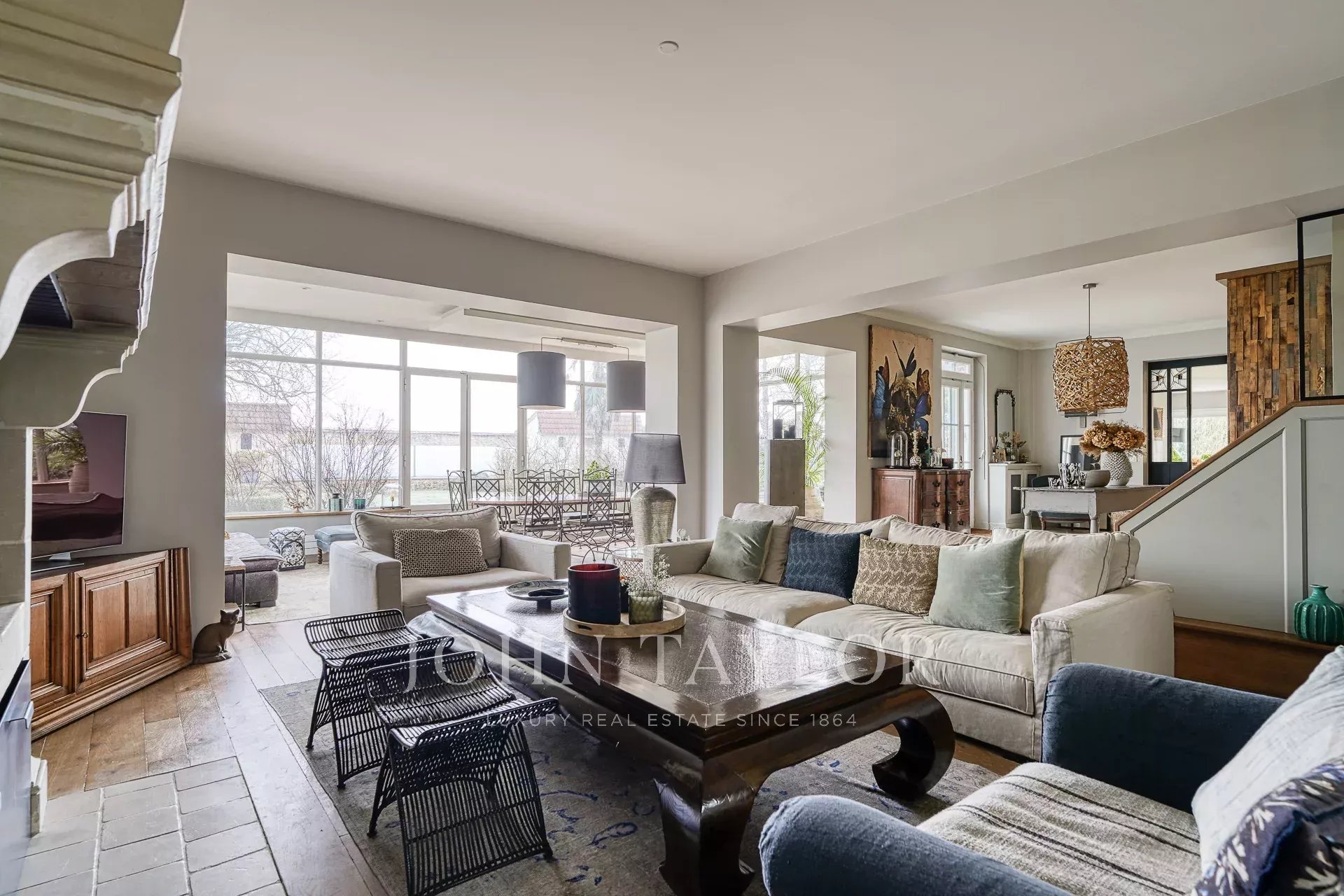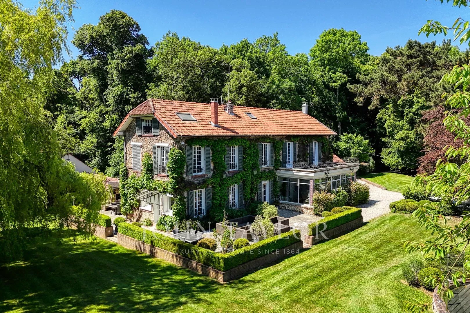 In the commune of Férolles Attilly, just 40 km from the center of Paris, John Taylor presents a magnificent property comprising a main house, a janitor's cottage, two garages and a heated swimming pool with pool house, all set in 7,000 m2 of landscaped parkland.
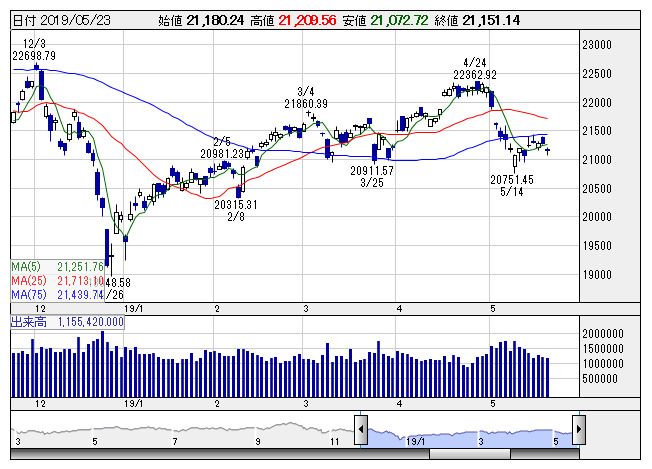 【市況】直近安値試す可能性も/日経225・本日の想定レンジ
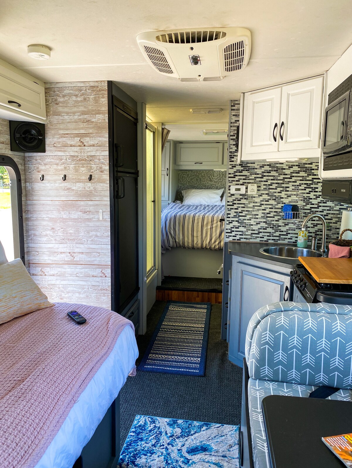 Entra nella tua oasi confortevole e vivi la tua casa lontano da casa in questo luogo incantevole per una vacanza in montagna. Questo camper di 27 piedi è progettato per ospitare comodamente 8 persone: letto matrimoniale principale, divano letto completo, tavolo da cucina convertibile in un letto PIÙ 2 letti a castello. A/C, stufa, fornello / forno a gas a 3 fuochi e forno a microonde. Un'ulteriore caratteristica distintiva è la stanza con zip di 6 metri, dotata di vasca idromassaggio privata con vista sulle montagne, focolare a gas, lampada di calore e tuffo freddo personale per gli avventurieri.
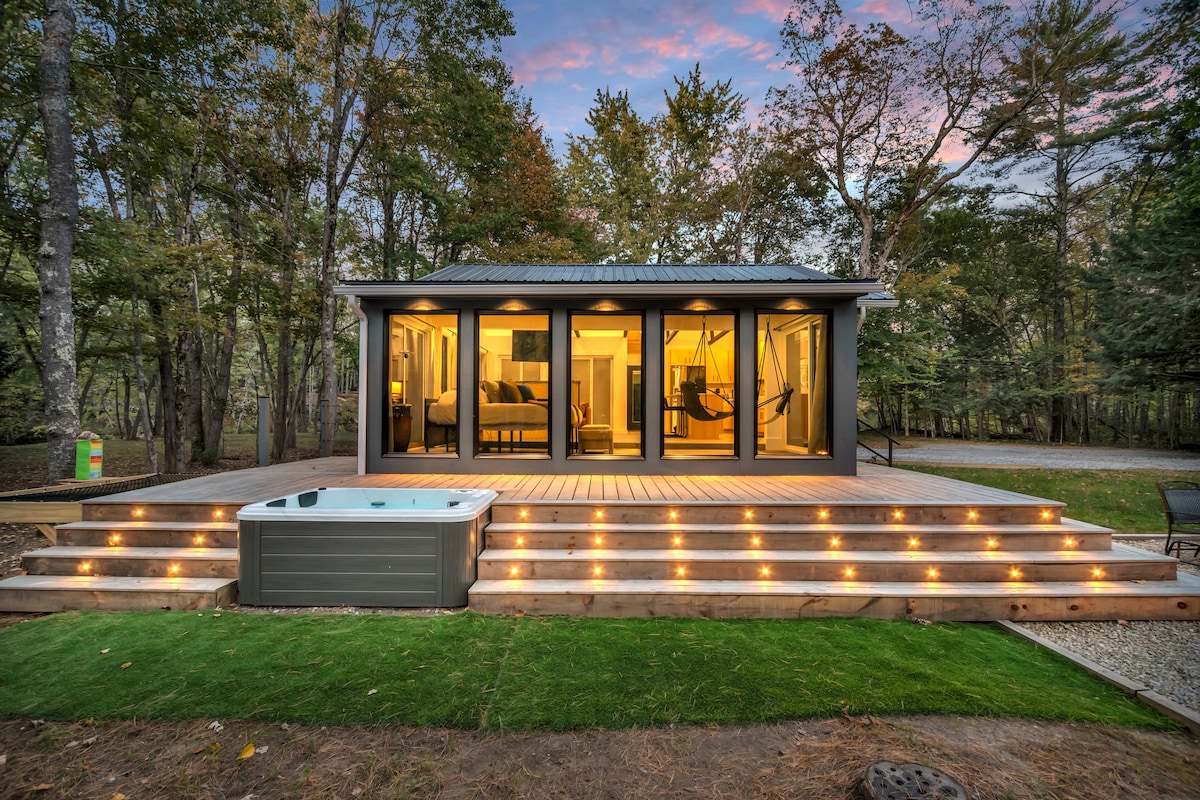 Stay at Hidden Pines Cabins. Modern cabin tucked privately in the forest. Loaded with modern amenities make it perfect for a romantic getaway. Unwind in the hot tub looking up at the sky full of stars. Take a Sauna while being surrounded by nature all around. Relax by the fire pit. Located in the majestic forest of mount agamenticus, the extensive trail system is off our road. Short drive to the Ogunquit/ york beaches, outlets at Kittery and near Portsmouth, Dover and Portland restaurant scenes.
+ + +
#### [Task to carry out]
The expected output is every line of the data, unchanged, with the pictures skipped.

#### [Answer]
 In the commune of Férolles Attilly, just 40 km from the center of Paris, John Taylor presents a magnificent property comprising a main house, a janitor's cottage, two garages and a heated swimming pool with pool house, all set in 7,000 m2 of landscaped parkland.
 【市況】直近安値試す可能性も/日経225・本日の想定レンジ
 Entra nella tua oasi confortevole e vivi la tua casa lontano da casa in questo luogo incantevole per una vacanza in montagna. Questo camper di 27 piedi è progettato per ospitare comodamente 8 persone: letto matrimoniale principale, divano letto completo, tavolo da cucina convertibile in un letto PIÙ 2 letti a castello. A/C, stufa, fornello / forno a gas a 3 fuochi e forno a microonde. Un'ulteriore caratteristica distintiva è la stanza con zip di 6 metri, dotata di vasca idromassaggio privata con vista sulle montagne, focolare a gas, lampada di calore e tuffo freddo personale per gli avventurieri.
 Stay at Hidden Pines Cabins. Modern cabin tucked privately in the forest. Loaded with modern amenities make it perfect for a romantic getaway. Unwind in the hot tub looking up at the sky full of stars. Take a Sauna while being surrounded by nature all around. Relax by the fire pit. Located in the majestic forest of mount agamenticus, the extensive trail system is off our road. Short drive to the Ogunquit/ york beaches, outlets at Kittery and near Portsmouth, Dover and Portland restaurant scenes.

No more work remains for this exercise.